The question, then, is whether the world’s farmers and food businesses can feed more people in a healthy and equitable way without adding to the environmental degradation and global warming that threaten to make some populated areas unlivable.

The following charts offer an overview of some of the key factors to consider — food for thought, if you like — starting with the sheer number of mouths to feed.

The rate of growth of the world’s population is slowing, but the 9bn mark is imminent. The peak, 60 years or so from now, is expected to be 10.4bn people.

Line chart of Global population (billions) showing The world's population is expected to be a third higher by end-century

Meanwhile, the trend in the reduction of hunger globally is reversing — as starkly described in the UN Food and Agriculture Organization’s 2022 report on food security and nutrition. “This year’s report,” the FAO says, “should dispel any lingering doubts that the world is moving backwards in its efforts to end hunger, food insecurity, and malnutrition.”

This has prompted widespread concern about how an extra 2.5bn people are to be fed, particularly as rising real incomes in the developing world are usually associated with increased consumption of resource-intensive meat.

Yet agricultural production has consistently outpaced population growth . . . 

Line chart of World food production and population (indices, 1961 = 100) showing Global food production has outstripped population growth over the past 60 years

. . . and all but the poorest countries are now self-sufficient in food, according to the FAO’s definition, producing enough calories to meet basic dietary requirements.

It does not follow, however, that current methods of production are environmentally sustainable. Discussion of how to make them so is dominated by two main issues: reducing food waste and dietary change.

A huge amount of food is wasted — and so, in effect, are the land, water and other resources that went into producing it. In advanced countries, food is wasted predominantly by households while, in developing economies, most waste occurs due to inefficient production and distribution.

Bar chart of % of calories lost & wasted, by stage of process showing A huge proportion of food is wasted - but patterns vary across regions

Dietary change, too, would reduce pressure on the world’s ecosystems. If beef and mutton alone were eliminated from the world’s diet, agricultural land use would halve. Cut out dairy products, as well, and it would halve again.

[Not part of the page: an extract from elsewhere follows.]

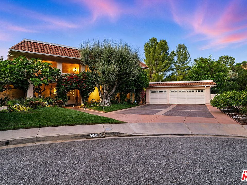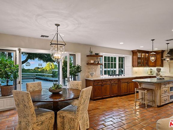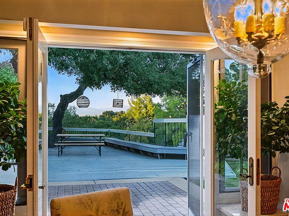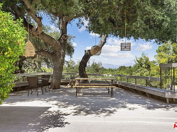 Stunning Hacienda-style residence showcases sophisticated, yet authentic design elements with exceptional views and an impressive yard. Situated on a cul-de-sac, this two-story home features 4 bedrooms, 3.5 bathrooms with timeless character and modern comforts. Meticulously appointed with curated furnishings for a comfortable atmosphere, the well-planned layout flows effortlessly between living spaces, creating perfect harmony between indoor comfort and the spectacular outdoor retreat. Natural light floods the casual living room and elegant dining room, while the chef's kitchen captivates with designer finishes including Taj Mahal quartzite countertops, a soapstone island, and Saltillo tile flooring. The built-in coffee bar adds the perfect touch for morning rituals. A serene seating area off the kitchen with built-in storage and media center can be used as an additional family room. Upstairs, the primary suite offers a serene retreat with a fireplace and private access to an expansive balcony. The spa-like bathroom includes a soaking tub with views, thoughtful storage and a generous walk-in closet. Adjacent to the primary suite is a flexible bonus room currently used as a gym (equipment optional) that can easily serve as an office or recreation room, with access to a rooftop deck. Three additional bedrooms on the main level provide comfortable accommodations and an abundance of storage. Two secondary bedrooms share a bathroom, while the third bedroom is an ensuite. The expansive backyard is perfect for both relaxing and entertaining, featuring a sparkling pool, beautiful landscaping and mature citrus trees throughout. The viewing deck offers incredible views from the valley to the mountains, creating an atmosphere reminiscent of the Ojai Valley Inn sunsets and refined resort-style living. Multiple outdoor spaces create ideal settings for any occasion. Additional features include a security system, Ring doorbell, EV charging capability, and abundant parking with both garage and expansive driveway space. As part of Calabasas Park, residents enjoy HOA privileges including access to the community lake for walking and recreation, plus proximity to upscale shopping at The Commons, award-winning schools in the Las Virgenes Unified School District and top private schools, and great dining options. Flexible term lease. Available fully furnished for immediate occupancy, but will be considered unfurnished if preferred.

Bar chart of Global land use for agriculture (hectares bn) showing Reducing meat and dairy consumption would make a huge difference to land use

In addition, moving to plant-based diets would help reduce the food industry’s huge contribution to greenhouse gas emissions — currently, it accounts for just under a third of the total.

Bar chart of Greenhouse gas emissions of selected food products, 2010 (kg of CO2 equivalent per 1000 kilocalories) showing Plant-based diets would reduce emissions

Eating habits are hard to change, though. No matter how eloquent a chart may be, it does not follow that hungry consumers — and the businesses that serve them — will be easily swayed. A sustainable diet for the planet is likely to be a work in progress for a long time to come.